Ингрид направлялась к озеру, чтобы покататься на коньках. Она шла узкой тропкой, протоптанной в снегу. Гуннар Хеде следовал за ней. Было в его облике нечто покорное, наводившее на мысль о преданном псе, увязавшемся за своим хозяином.
Ингрид выглядела усталой. Глаза у нее потухли, кожа приобрела сероватый оттенок.
Она шла и думала о том, был ли уходящий день доволен собой. Уж не от радости ли зажег он этот огненно-красный закат на западе?
Про себя она могла сказать, что ни сегодня, ни в какой-либо другой день не могла бы она зажечь столь ликующее пламя.
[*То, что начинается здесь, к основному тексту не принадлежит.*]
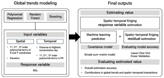 The integration of machine learning techniques and kriging methods improves estimation accuracy [1,2]. Expanding spatio-temporal dimensions increases modeling complexity compared to purely spatial models [3]. Traditionally, polynomial regression or trend surface analysis has been commonly used to remove global variation trends to achieve stationarity in kriging [4]. While traditional methods offer simple and comprehensive estimates, these conventional methods often lack the flexibility to capture complex and non-linear spatial and temporal patterns. In contrast, machine learning techniques effectively address these variations [5]. Accordingly, applying machine learning to spatio-temporal kriging enhances the accuracy of estimating variables, particularly environmental ones such as air pollution, which exhibit complex and non-linear seasonal variations in emission sources [6,7,8,9].

За целый месяц, минувший с того дня, как она узнала Гуннара Хеде, она не добилась ровно ничего. А сегодня ее и вовсе обуял страх. Ей показалось, что любовь ее в опасности. Она стала забывать студента, потому что все время думала только о несчастном больном. Любовь ее утратила легкость, красоту, игру. Остались лишь тяготы и суровая действительность.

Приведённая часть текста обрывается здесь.